Let $F:\mathbb{R} \to \mathbb{R}$ be locally Lipschitz, monotone and continuous. For the sake of concreteness only let us suppose it is of porous medium type (eg. $F(r) = r^{\frac 1m}$.)
Let $\Omega \subset \mathbb{R}^n$ be a bounded domain and let $Q=(0,T)\times\Omega$.

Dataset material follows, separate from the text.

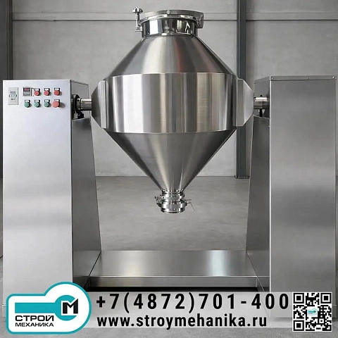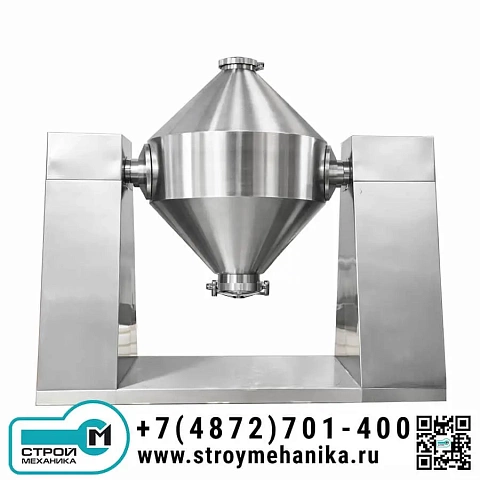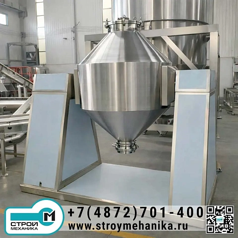 Конический барабанный смеситель серии DCB предназначен для приготовления однородных сухих смесей из двух и более компонентов в пищевой, химической, фармацевтической, комбикормовой, строительной и смежных отраслях. Оборудование выполнено в виде вращающейся конической смесительной ёмкости, установленной на силовой раме с приводом и системой управления. Геометрия «двойной конус» обеспечивает устойчивое перемещение материала при вращении, за счёт чего компоненты многократно перераспределяются по объёму и эффективно перемешиваются.

Given $u_0 \in L^\infty(\Omega)$ and $f \in L^\infty(Q)$, I have $F(u) \in L^\infty(Q) \cap L^2(0,T;H^{-1})$ with $u \in L^\infty(Q) \cap L^2(0,T;H^1)$ such that $$\int_0^T \langle (F(u))_t, \varphi \rangle + \int_0^T\int \nabla u \cdot \nabla \varphi = \int_0^T \int f\varphi$$ for all test functions $\varphi$. I also have the continuous dependence result for two solutions corresponding two two data: $$\lVert F(u_1) - F(u_2) \rVert_{L^1(0,T;L^1)} \leq C\left(\lVert u_{01} - u_{02}\rVert_{L^1} + \lVert f_1 - f_2 \rVert_{L^1(0,T;L^1)}\right).$$ Now I wish to extend my existence result to $L^1$ data satisfying a weaker formulation $$-\int_0^T \int F(u) \varphi_t - \int_0^T\int u \Delta \varphi = \int_0^T \int f\varphi$$ for smooth $\varphi$. Are there any standard tricks to do this using this continuous dependence result?

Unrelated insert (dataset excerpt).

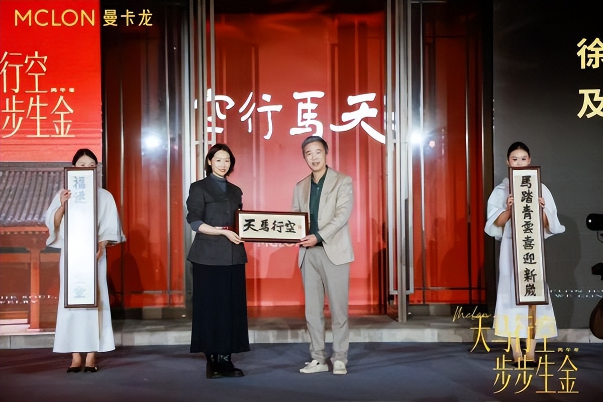 徐悲鸿美术馆馆长杨净将徐悲鸿之子徐庆平亲手题写的“天马行空-马年春联” 手书赠送给曼卡龙品牌,笔墨传递昂扬精神,也见证三方的深厚情谊。

Of course we can approximate the $L^1$ data by $L^\infty$ data and using the above estimate (we obtain a Cauchy sequence and so) we find $F(u_n) \to F$ in $L^1(L^1)$ for some $F$ where $F(u_n)$ is the solution with data that approximates the $L^1$ data. From this I can obtain $u_n \to u$ for some $u$ pointwise a.e., but this is not enough pass to the limit.
Edit: I am aware of the book on PME by J Vazquez. If I recall correctly he handles $L^1$ data rather differently and I would like to know whether the above approach can work.